WADA will first of all have to actually read the Preliminary Proposal, the additional defense documents, and the Final Resolution. An awful lot of "experts" and people in positions of authority have been speaking to the press without having done so. AS has the Resolution in a digital form that can be run through Google Translate:
http://www.as.com/misc/resolucion_caso_contador.pdf
Both WADA and the UCI made a number of procedural errors in the handling of this. All of you will at least agree that they didn't announce it to the press in August when they found out. But they made others. In their initial press release, they made it sound like they tested the B sample before contacting Contador. They didn't let him know right away, that's been confirmed. But if they tested the B sample, it's already game over based on a CAS ruling this week. That link at the bottom.
The UCI confirmed today that Spanish rider Alberto Contador returned an adverse analytical finding for clenbuterol following the analysis of urine sample taken during an in competition test on 21st July 2010 on the second rest day of the Tour de France.
This result was reported by the WADA accredited laboratory in Cologne to UCI and WADA simultaneously.
The concentration found by the laboratory was estimated at 50 picograms (or 0,000 000 000 05 grams per ml).
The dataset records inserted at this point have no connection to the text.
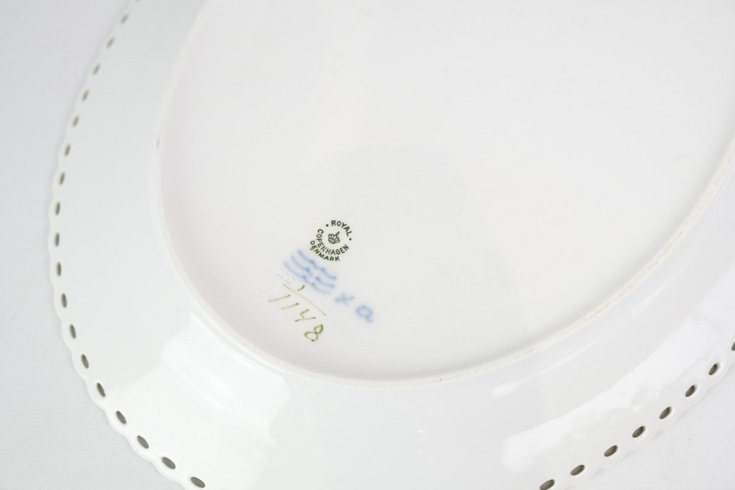 Royal Copenhagen Mussel painted full lace Oval Dish No. 1148.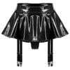 Dámská lakovaná kožená volánová sukně, vestavěné tanga, podvazkové spony, mini klubové oblečení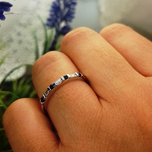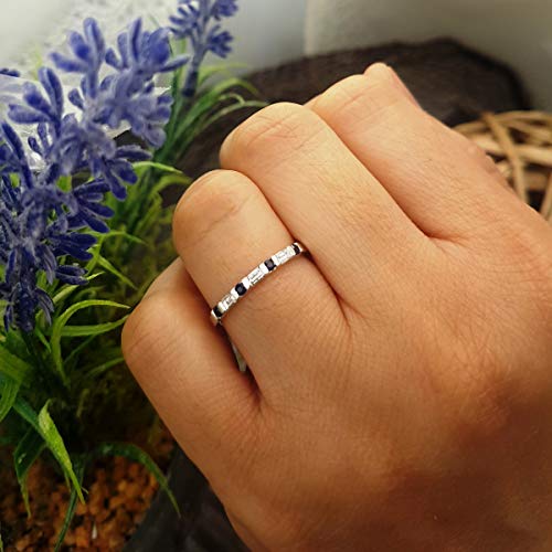 Dazzlingrock Collection 18K Blue Sapphire and White Diamond Womens Anniversary Wedding Band Stackable Ring, Solid White Gold 4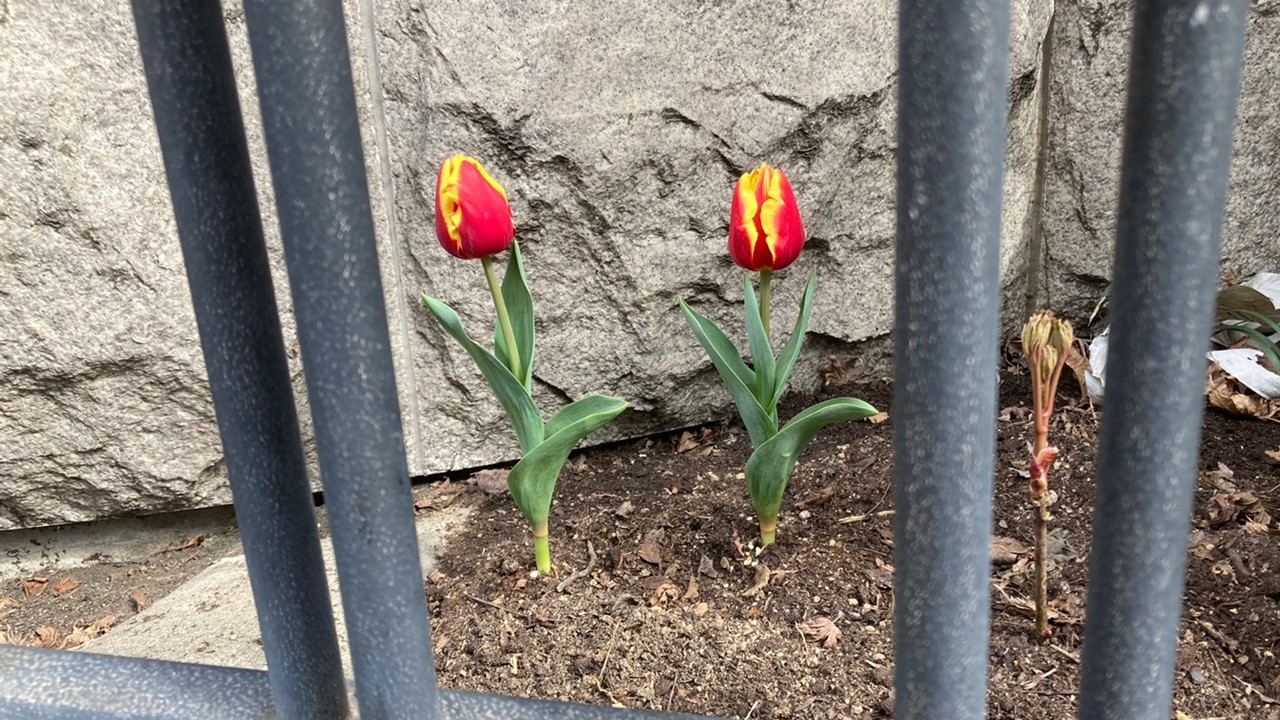 오늘은 뭔가 달랐다. 나는 무언가가 지나가는 것을 느꼈다. 무엇? 무엇? 좌우를 살펴보았으나 바로 보이지 않았다. “미주알 고주알… 이것저것…” 누군가 대화를 듣고 있었고, 좁은 바닥에 한 손 뼘도 안 되는 간격으로 튤립(?) 두 송이가 서 있었다.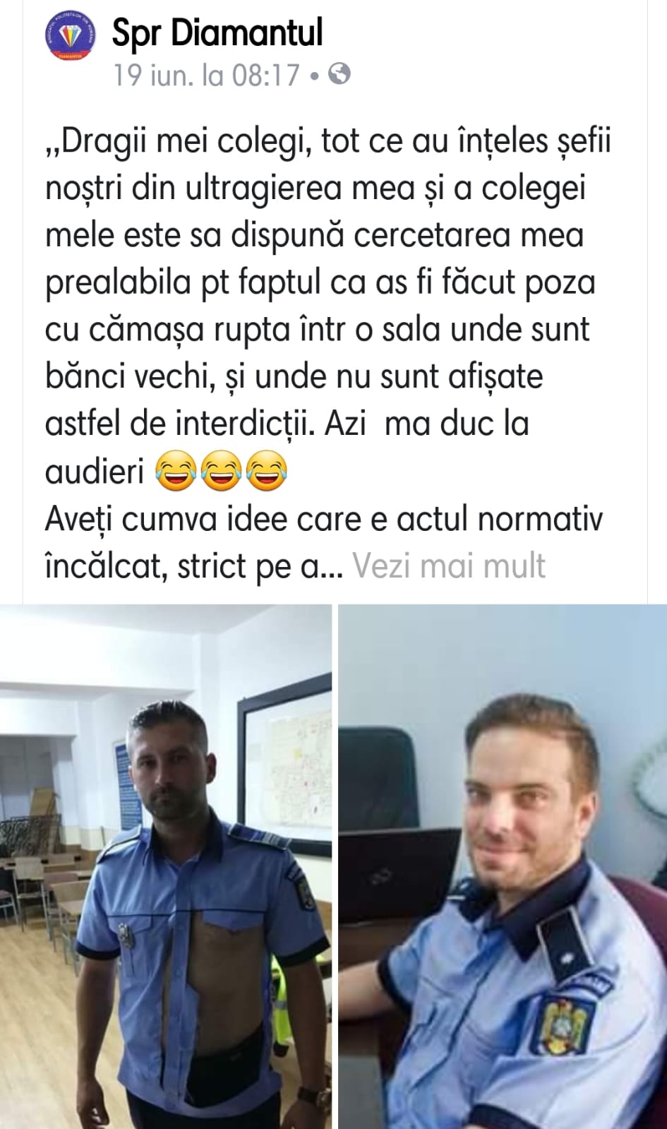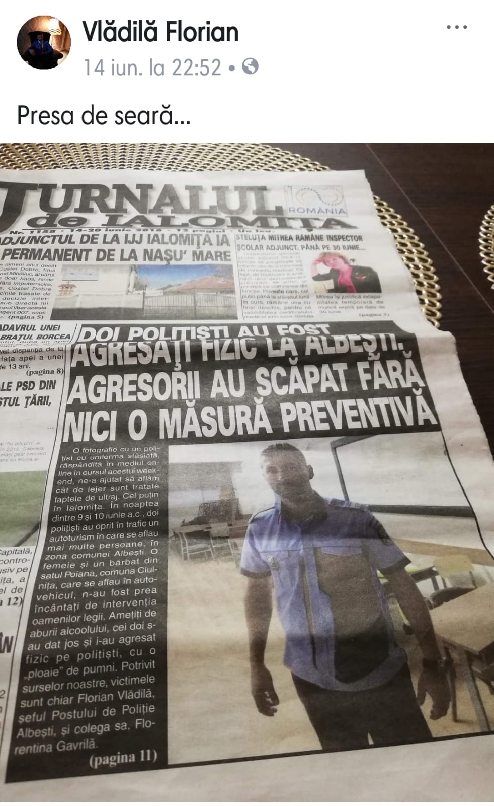 Ei bine, în data de 19 iunie 2018 ora 0817, SPR Diamantul posta fotografiile unui polițist ialomițean ultragiat care, culmea, s-a dispus cercetarea lui disciplinară pentru că a făcut fotografiile (după ce a fost lovit) „într-o încăpere clasificată” din IPJ Ialomița. Ultragiatul este Vlădilă Florian, fostul șef de post din comuna Albești, jud. Ialomița dar și un „diamantin veritabil”. Localnicii din comuna Albești susțin că ultragiatul Vlădilă era mai mult abuzator în acea localitate decât polițist… Spunem „era” fiindcă cercetarea disciplinară a polițistului: CNP-ist, SNPPC-ist, SNAP-ist, diamantin și I.P.A., Vlădilă Florian, solicitată de nimeni altul decât actualul adjunct al lui Ivan Cristian, Iordache Mihail Valentin (șex-șef Birou Control intern – IPJ Ialomița) și aprobată de Ivan Cristina „s-a evaporat”. Ptiu’ drace, fenomene paranormale la astia, ca doar au doar OIZN-uri in partea superioara a corpului.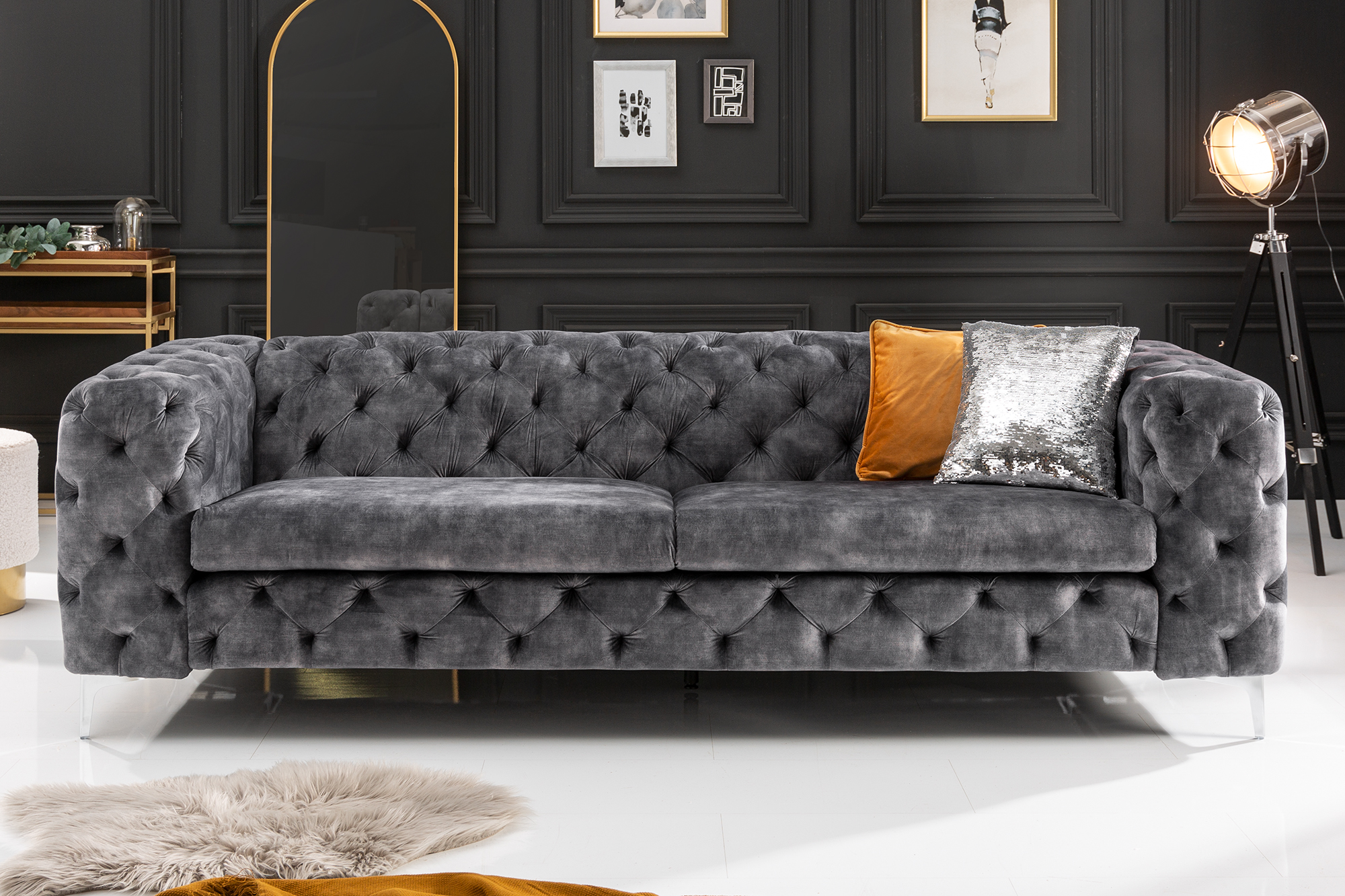 Diivan Modern Barock 240cm tumehall samet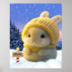 Poster Coelho bonito com chapéu amarelo e cachecol na nev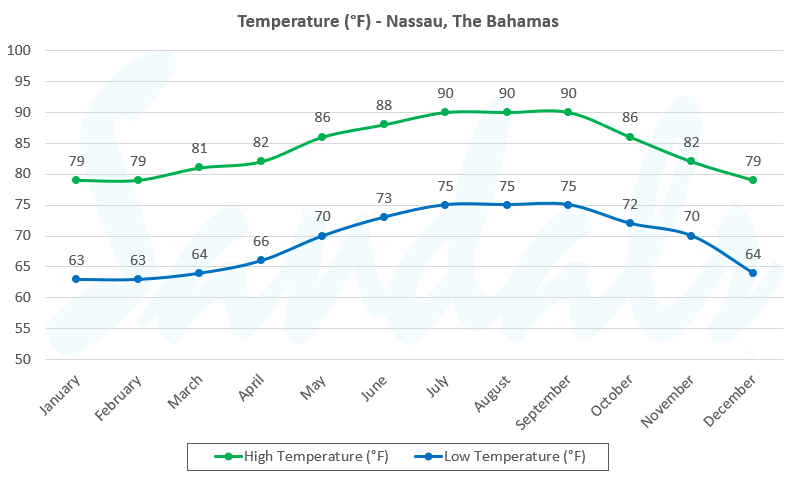 Though The Bahamas does not experience winter, months like January tend to be cooler than most with lows of 63°F at night. Highs in January are typically around 79°F during the day.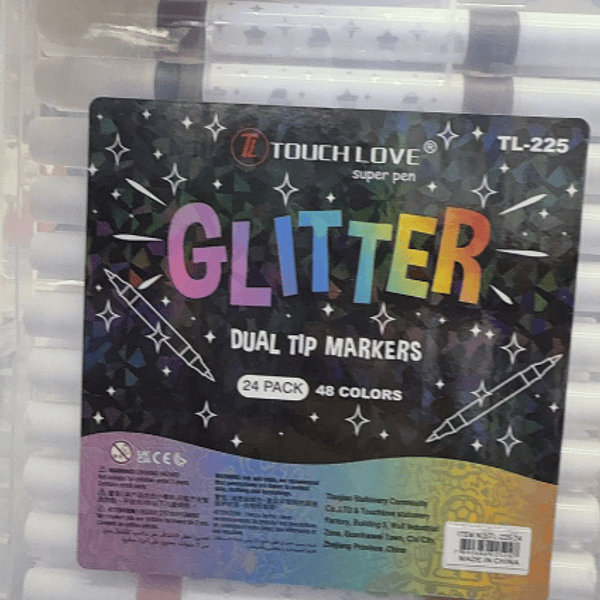 Estojo Canetas Marcadoras Com Glitter Ponta Dupla 24pçs(48 cores)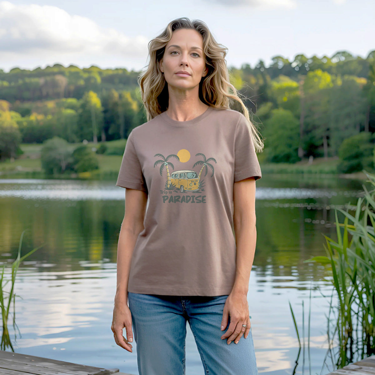 Trip To Paradise Beach Van Life Adult Cotton Tee T-Shirt

In view of this very small concentration and in consultation with WADA, the UCI immediately had the proper results management proceedings conducted including the analysis of B sample that confirmed the first result. The rider, who had already put an end to his cycling season before the result was known, was nevertheless formally and provisionally suspended as is prescribed by the World Anti-Doping Code.
This case required further scientific investigation before any conclusion could be drawn.
The UCI continues working with the scientific support of WADA to analyse all the elements that are relevant to the case. This further investigation may take some more time.
In order to protect the integrity of the proceedings and in accordance with the World Anti-Doping Code, the UCI will refrain from making any further comments until the management of this adverse analytical finding has been completed.
http://www.uci.ch/Modules/ENews/ENe...p?MenuId=MTI2Mjc&LangId=1&1602917X57X56Page=5
For people thinking alleged high plasticizer levels night make a difference, the test won't be official until Summer 2012, and the leaked alleged levels for Contador aren't as high as they find in athletes who have transfused -
20 times their own normal level.If I remember correctly, the amount in the New York Times was eight times that of a regular person. I imagine that for safety reasons, pretty much all the water Contador drinks in the bus or at the hotel after a stage comes in plastic bottles. Astana also used TacX Shiva water bottles during the race. They advertise, or did in 2009, that they added a special substance to their bottles so the plastic will break down so they're biodegradable.
The Tour was kind of hot, so I'd imagine that someone who has bottles bouncing around in a car, then on their bike cage, and goes through fifteen or twenty in a stage with four serious climbs, would already have way higher values than someone who has drinking fountains at work and tap water at home. The amount of fluids taken in would be way higher too.
How did the transfusion?
A 12 athletes had blood taken and were reinfundió in two weeks. In the other 13, four weeks the blood was stored. The day after the transfusion, passed a urine test, any doping test.
What were the results?
We all have certain levels of plasticizers in urine.But the study has shown that, after a transfusion, those levels are increasing. If you do the urine test the day of autologous transfusion, the usual levels are multiplied by more than 20
http://www.publico.es/deportes/362764/en-2012-se-detectaran-las-autotransfusiones
CAS:
http://www.tas-cas.org/d2wfiles/document/4582/5048/0/press release 23.02.11.pdf
I expect WADA and the UCI to talk tough in the press until their own appeal expiration dates, then move quietly on to something else. WADA is already in touch with China about the use of Clenbuterol. If 20% of the world's population can be exposed to it every day in normal life, there has to be a minimum. Fact.